You cannot blame yourself for this.

I am giving one of my rabbits injections right now andI don't always pull back on the syringe before I inject because I am sure I am above the muscle ..but I sometimes I don't do it because I give these injections without help from anyone and I do the best I can ; he is hard to hold

Today I attempted to clip my dentally challenged rabbits teeth in front because I cannot do the 3 hr drive to the dentist vet every month.

Iclipped one tooth and broke another . I made a mess of it .

Why?

because the same as you I am trying to be a vet when I am not a vet ....
I feel terrible about Hans because you obviously went above and beyond to help him ; I admire yougreatly for contacting Marcy re. the benacillin !
I am so sorry that you lost him ; it isn't right because you tried so hard But you are a truly outstanding rabbit owner
You tried to help him from deep down inside yourself and did the very best that you could ..
Without a necropsy you can never know for sure ; so often we are so sure that we caused damage when it was another unseen problem;

it has occurred time and time again ..owners blaming themselves for something being wrong when the bun may have had a hidden cancer. .

I know you are heartbroken because Hans is gone and nothing now will take away the pain of that but please give yourself the credit of being a really great rabbit owner .
Hugs from the heart

Maureen
 
Thank you so much for your kind words Maureen.

I'm quite sure the needle was just under the skin, but the fact that I didn't pull back on the syringe this time just makes it so difficult. I keep going over everything, trying to figure out what happened. I know I should try not to dwell on it, but I can't. I keep thinking, what if I had just spend an extra few seconds to pull back the syringe, maybe he'll still be here with me :(

I barely slept last night. I'm at work today and struggling so hard to hold the tears back.

Sorry to hear about your bunny's broken tooth. Give him/her an extra hug from
 
I completely agree that this was not your fault and you should not be blaming yourself, but I also know that is easier said than done.

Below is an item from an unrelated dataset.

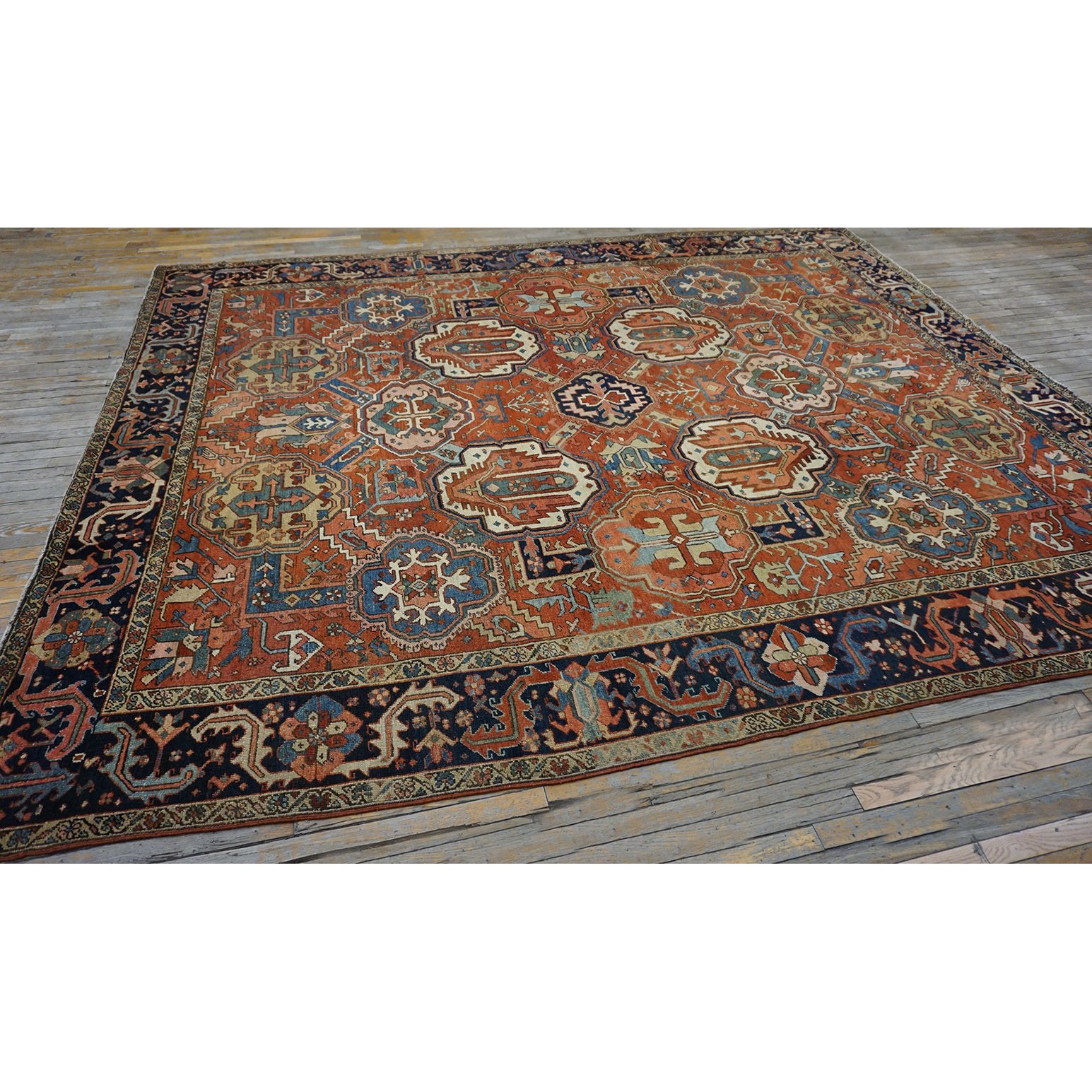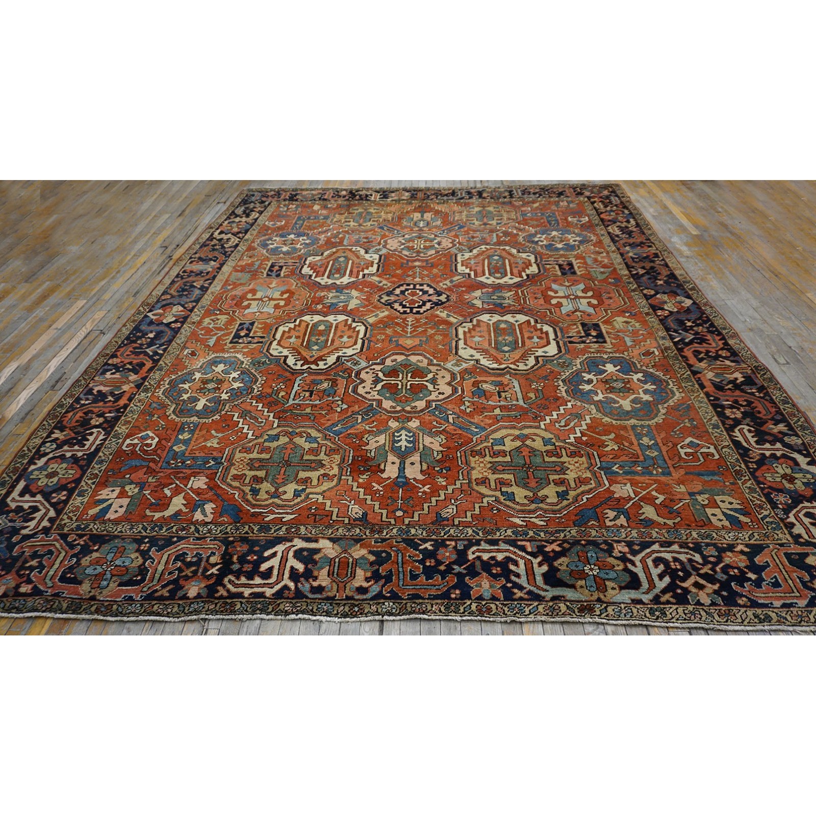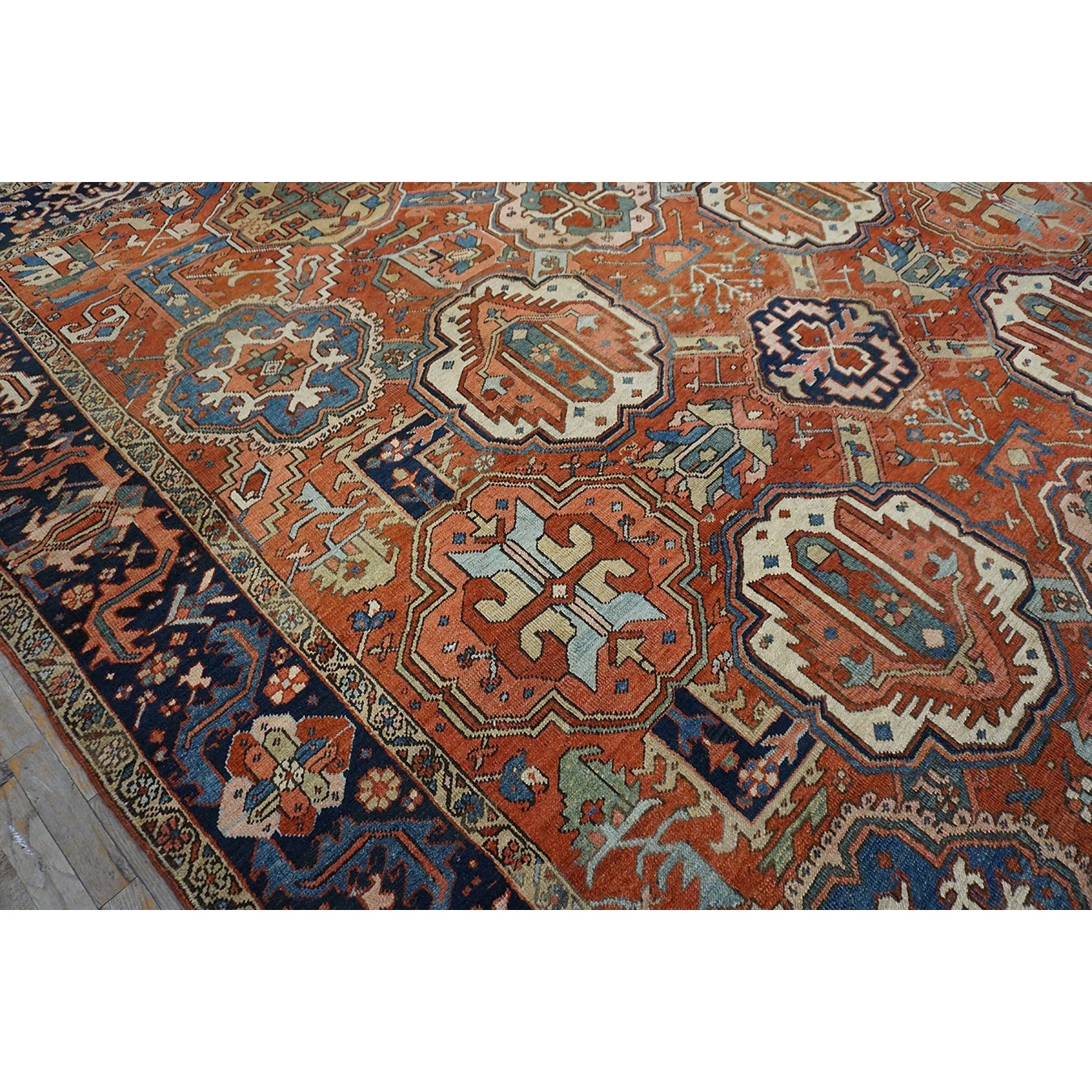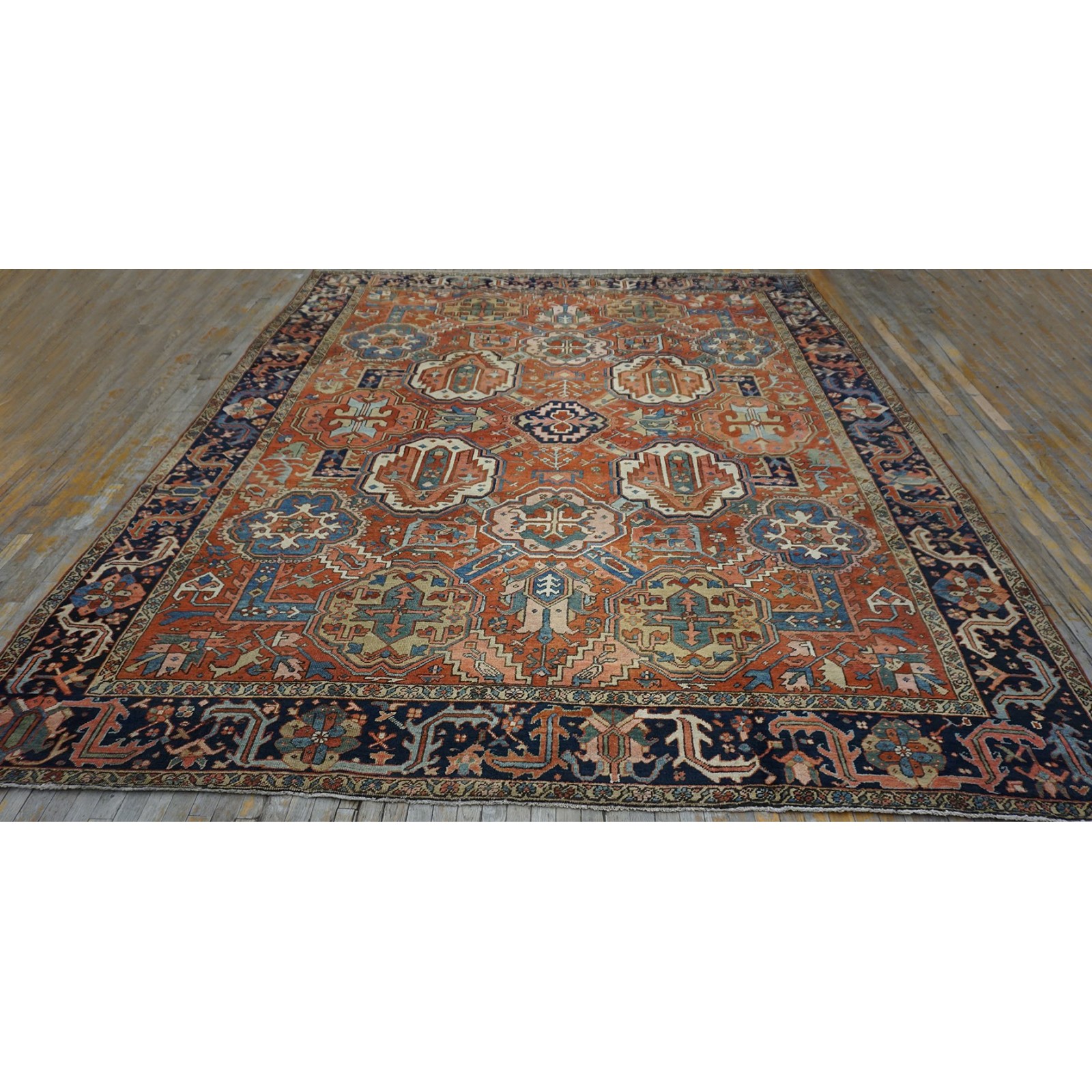 DescriptionHerizThe Heriz area in northern Azerbaijan Province (Iran) makes semi-geometric, strongly colored carpets in a variety of sizes from 2 x 3 up to 15 x 26, usually in medallion design, but formerly in a wide range of overall or centralized layouts. The area has been active for at least two centuries, with production expanding greatly in the late 19th century. Weave is medium to quite coarse but the dyes are excellent and vibrant. Silk rugs were made there in the 19th century, but production ceased by 1910. The Heriz carpet has been the most consistently popular and affordable oriental available for western consumption. | |
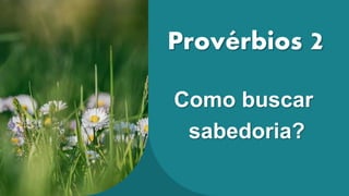 O capítulo 2 de Provérbios ensina sobre a importância da busca pela sabedoria, destacando que ela deve ser procurada com a mesma intensidade que se busca tesouros. O texto também enfatiza as bênçãos que a sabedoria traz, incluindo discernimento e proteção contra o mal. Além disso, orienta sobre a pureza e os caminhos dos justos, reafirmando que o Senhor é a fonte de sabedoria.

It is much easier to blame ourselves than to realise that we had no control over a situation because if its our fault then maybe the bunny might still have been here. If we allow ourselves to accept that it was not our fault then its like accepting that the rabbit is gone or that s/he was meant to die or something.

Whilst you know what you were seeing with Hans in terms of the abscess improving but its completely an unknown as to what was going on inside him and things could have been more severe and complex than any of us could ever have dreamed.

You absolutely gave Hans the best shot. you were in a very difficult position and yet you went above and beyond what any owner can be expected to do. He was so so lucky to have been loved by you and, as sad as it sounds, he was lucky to die with you, and not alone.

It is hard to grieve and if you need to cry then try to allow yourself when it permits (I understand that obviously work is not always the easiest/best place to cry).

Please keep talking to us if it helps.

Also, I know we haven't spoken for ages but we did used to talk a lot in chat and if you do ever want a chat, feel free to PM me or add me to msn. [email protected]

x
 
somebunny wrote:
Thank you so much for your kind words Maureen.

I'm quite sure the needle was just under the skin, but the fact that I didn't pull back on the syringe this time just makes it so difficult. I keep going over everything, trying to figure out what happened. I know I should try not to dwell on it, but I can't. I keep thinking, what if I had just spend an extra few seconds to pull back the syringe, maybe he'll still be here with me :(

I barely slept last night. I'm at work today and struggling so hard to hold the tears back.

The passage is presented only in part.